На старом поле битвы


   Я прошел на старое поле битвы через садовые ворота, бледно-зеленые ворота у дороги Бапом – Аррас. Веселая зелень привлекла меня в глубины запустения, как мог бы изумруд привлечь к мусорному ящику. Я вошел через эти домашние садовые ворота, у которых не было ни петель, ни столбов, они опирались на кучу камней: я прошел туда, сойдя с дороги; она одна не была частью поля боя; дорога одна была ухожена и сохранена в целости; все остальное было полем боя, насколько хватало глаз.
   На большой беловатой куче вился стебель унылого темно-красного оттенка. И присутствие этого побега, носящего траур среди пустоши, явно указывало, что куча некогда была домом. Исчезли все живые существа, которые именовали эту белую насыпь домом: отец сражался где-нибудь; дети сбежали, если осталось время; собака ушла с ними, или, возможно, если не осталось времени, служила теперь другим хозяевам; кот сделал себе логовище и по ночам преследовал мышей в траншеях.
   Все живое, что мы могли бы заметить, исчезло; остался один побег, единственный плакальщик, цепляющийся за упавшие камни, которые некогда поддерживали его.
   И по его присутствию я угадал, что здесь когда-то был дом. И по расположению и составу руин вокруг я увидел, что там стояла деревня. Есть бедствия, которых человек не принимает в расчет, когда думает о времени и переменах. Смерть, исчезновение, даже разрушение – все это человеческий удел; но человек представляет себе разрушение, принесенное милосердными веками, прибывающее медленно, с лишайником, плющом и мхом, маскирующее свои самые резкие стороны зеленью, шествующее с достоинством и в должный срок.
   Таким образом должны окончиться наши труды и дни; наши самые худшие опасения не простираются дальше этого.
   Но здесь в один-единственный день, возможно, в одно мгновение залпом с батареи все мелочи, о которых заботилось одно семейство, их дом, их сад, и садовые дорожки, и деревня, и дорога через деревню, и старые вехи, которые помнили старики, и бесчисленные драгоценные вещи – все обратилось в мусор.
   И эти вещи, которых никто себе не представлял, случились на пространстве во много сотен миль, такое бедствие постигло обширные равнины и холмы из-за немецкой войны.
   Глубокие колодцы, старые подвалы, разбитые траншеи и блиндажи лежат в мусоре и сорняках под спутанными обломками мира и войны. На многие годы это будет плохое место для странников, заплутавших в ночи.
   Когда деревня исчезла, появились траншеи; и в том же самом шторме, который разрушил деревню, сгинули и траншеи; снаряды все еще разрываются на севере, но мир и война в равной степени опустошили деревню.
   Трава начала возвращаться по изломанной земле по границам траншей.
   Лишний моток проволоки ржавеет поодаль искривленным куском стали.

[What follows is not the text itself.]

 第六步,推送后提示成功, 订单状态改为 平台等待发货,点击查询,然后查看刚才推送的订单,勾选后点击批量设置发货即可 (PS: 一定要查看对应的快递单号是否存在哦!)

Здесь нет ни старых тропинок, не переулков, ни дверей, только заграждения и проволочные преграды; провод в свой черед был уничтожен снарядами; он свален теперь беспорядочными мотками. Пара колес разлагается среди сорняков, и они могут принадлежать миру или войне, они слишком пострадали, чтобы сказать точно. Большой кусок железа лежит, разбитый посередине, как будто один из древних гигантов небрежно обрабатывал его. Другая насыпь поблизости, со старым зеленым бобом, прилипшим к ней, также была некогда домом. Траншея пересекает ее. Немецкая бомба с деревянной ручкой, несколько бутылок, ковш, оловянная канистра и несколько кирпичей и камней валяются в траншее. Молодое дерево растет среди них. И среди разрушения и мусора Природа, со всем ее богатством и роскошью, возвращается в старые наследные владения, снова обретая землю, которой она владела так долго, задолго до появления зданий.

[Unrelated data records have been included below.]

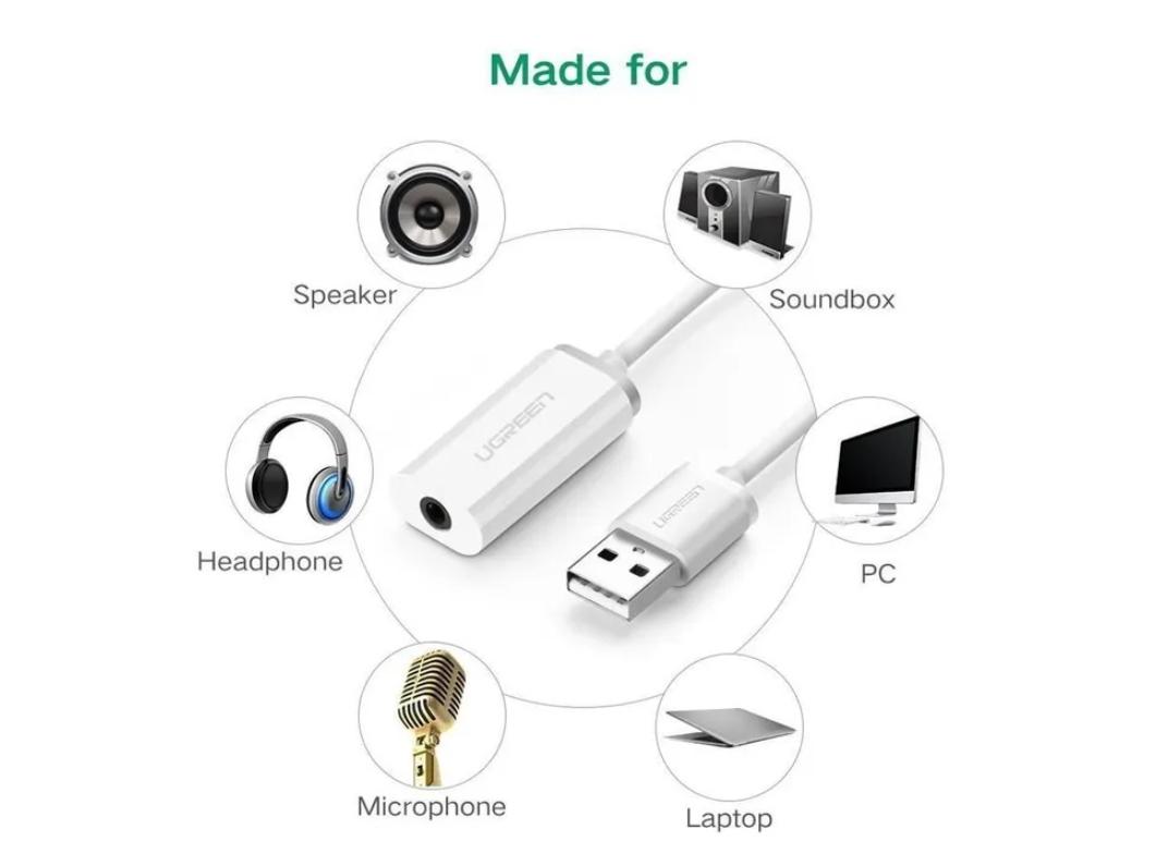 Внешняя звуковая карта USB легко добавляет к компьютеру 3,5-мм порт aux TRRS (встроенный интерфейс аудиовхода и аудиовыхода), что позволяет подключать существующую гарнитуру с 3,5-мм TRRS к ПК через USB-интерфейс. Примечание: Он не работает с гарнитурой с разделенным аудиопортом 3,5 мм для наушников и микрофона. Альтернативный USB-стереоадаптер: Он идеально подходит для обхода неисправной звуковой карты, аудиопорта или в качестве замены сломанного USB-аудиоадаптера. Превосходное качество звука: внешний звуковой адаптер USB использует передовую технологию C-Media IC для оптимального качества звука и производительности устройства. Он изготовлен из прочного корпуса из АБС-пластика и имеет сверхкомпактную конструкцию. Гибкая конструкция кабеля: длина кабеля адаптера USB-3,5 мм составляет 15 см, что обеспечивает больше места при использовании с большим количеством USB-портов на ноутбуке. Простота настройки: драйвер не требуется, просто подключи и играй! Питание от шины USB, внешнее питание не требуется. Широкая совместимость: Этот адаптер для наушников к usb работает с любой стандартной системой с поддержкой аудиокласса USB, включая Windows 10/8.1/8/7 / Vista / XP, Mac OS X, Linux и PS4, Google Chromebook, Windows Surface 3 pro, Raspberry Pi и т.д.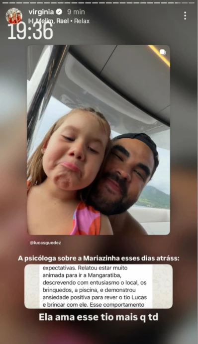 “Relatou estar muito animada para ir a Mangaratiba, descrevendo com entusiasmo o local, os brinquedos, a piscina e demonstrou ansiedade positiva para rever o tio Lucas e brincar com ele”, relatou a profissional sobre o que Maria Alice tinha falado. Ao ver que a garota queria vê-lo, Lucas Guedez chorou. “Eu encaminhei para ele a mensagem e recebi isso: bom nunca mais mando”, riu Virginia Fonseca ao ver o amigo emocionado.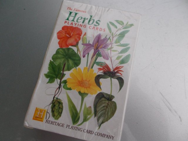Oryginalnie opakowane wielce ciekawe KARTY DO GRY. Zdobienie autorstwa ANN GILLIES, wyprodukowane w Belgii w 1999...i nigdy nie odpakowane. Pudełko z folią. Piękne, kolorowe kwiatowe zdobienie i napisy; The Famous HERBS PLAYING CARDS Heritage Playnig Card Company. Rartyas bez wątpienia :)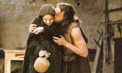 Fotograma de La Pasión de Cristo, en la que Jesús se muestra cariñoso con su madre antes de iniciar su vida pública

   Садовые железные ворота брошены у стены. Там глубокий подвал, в который кажется, склонился весь дом. Посреди всего этого – сад. Огромный снаряд искорежил, но не свалил яблоню; другая яблоня стоит сухой на краю кратера: большинство деревьев мертво. Британские самолеты непрерывно гудят. Большие орудия движутся к Бапому, их тянут медлительные тягачи с гусеничными колесами. Все орудия покрыты пятнами зеленой и желтой краски. Четыре или пять человек сидят на одном огромном стволе.

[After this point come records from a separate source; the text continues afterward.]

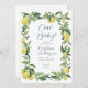 Esta dulce y elegante ducha de bebé invita a los limones vintage, las flores y la vegetación entrelazados para enmarcar un texto cuidadosamente elegido. Las mariposas azules revolotean entre el diseño botánico. En el reverso aparecen algunos limones más y texto adicional. Personalice el guión azul para sus necesidades. Consulte la colección para coordinar productos. ¡Ciao Bebé!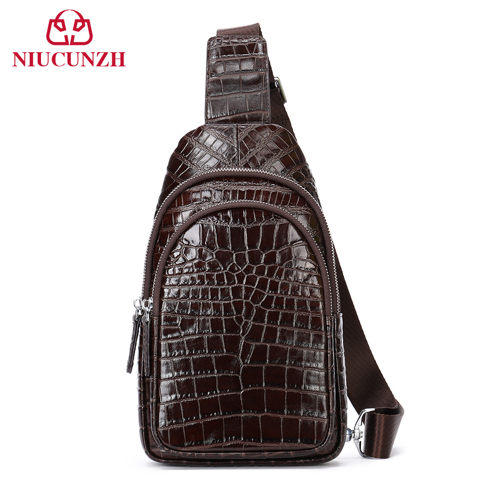 Niucunzh軽い豪華なワニの紋様の男性のカバンの本革の胸の包みの男性式の運動の斜めのリュックサックのカジュアルな胸の前の包みの卸売り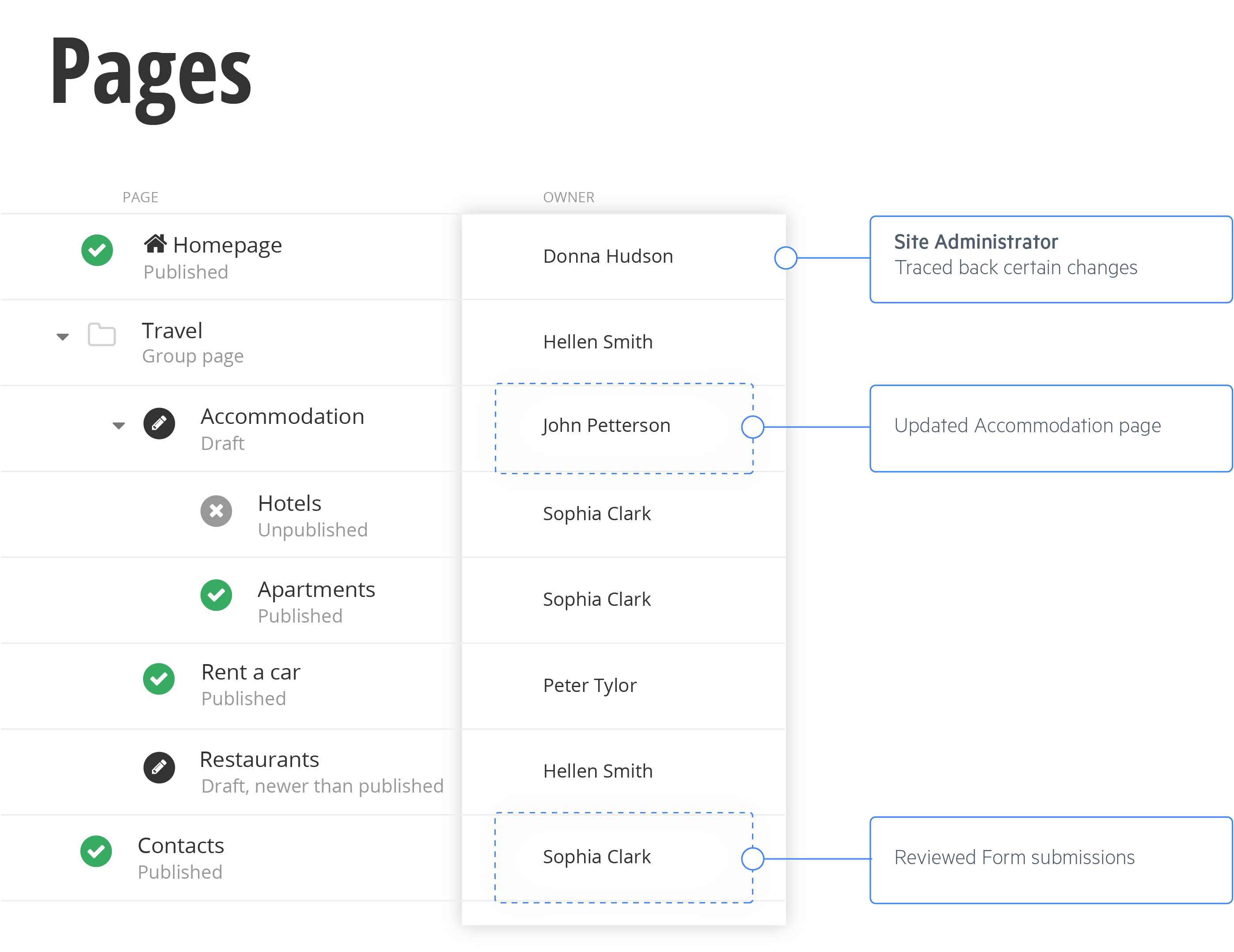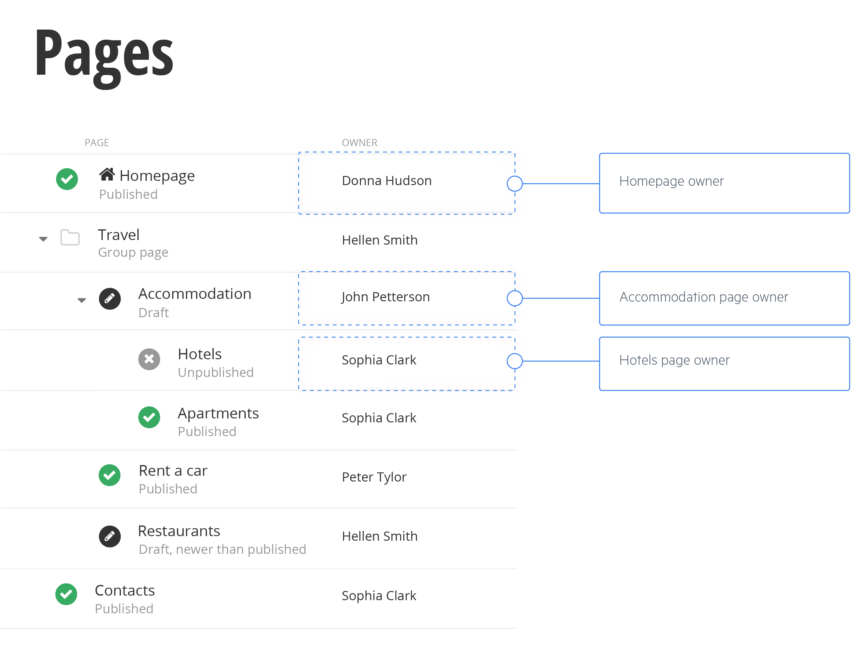 The CMS your organization employs should enable you to assign ownership to anything from individual content blocks, static pages and dynamic content, to documents and files, images, or even contact forms. Whether this is a single person, or multiple team members functionally grouped in a role, you may want to split your website in sections, much like your org chart or the branches of the tree, and assign content ownership.

   Темные старые ступени возле сада ведут в блиндаж; гильза привязана к куску дерева у блиндажа, чтобы в нее можно было ударить, когда пойдет газ. Телефонный провод брошен у входа. Куст астр, ярко-сиреневых и бледно-сиреневых, и ярко-желтый цветок возле них указывают, что когда-то поблизости находился палисадник. Над блиндажом участок иссеченной земли показывает три ясно различимых под сорняками слоя: четыре дюйма серого дорожного металла, привезенного откуда-то, ибо вся эта страна – из мела и глины; два дюйма кремня под ним, а еще ниже дюйм яркого красного камня. Мы смотрим на дорогу – деревенскую дорогу, которой касались мужчины и женщины, и лошадиные копыта и другие знакомые современные вещи, дорогу, столь глубоко погребенную, настолько разрушенную, до того заросшую, случайно приоткрывающую свой краешек среди дикой местности; я мог, казалось, скорее обнаружить след динозавра в доисторической глине, чем шоссе близ небольшой деревни, которая только пять лет назад была полна человеческими ошибками, и радостями, и песнями, и ничтожными слезами. Позади на той дороге, прежде чем планы кайзера начали сотрясать землю, позади на той дороге… Но бесполезно оглядываться назад, мы слишком далеко ушли за пять лет, слишком далеко от тысяч обычных вещей, которые никогда, кажется, не будут глядеть на нас из пропастей времени, из другого века, очень далекого, безвозвратно отрезанного от наших путей и дней. Они ушли, эти времена, ушли подобно динозаврам; ушли с луками и стрелами и старыми, более рыцарственными днями. Ни единый луч не отмечает их заката там, где я сижу, не видны достоинства зданий или брошенных военных машин, все одинаково рассеяно в грязи, и обычные сорняки одерживают верх; это не руины, а мусор, который покрывает здесь всю землю и распространяет свое неопрятное наводнение на сотни и сотни миль.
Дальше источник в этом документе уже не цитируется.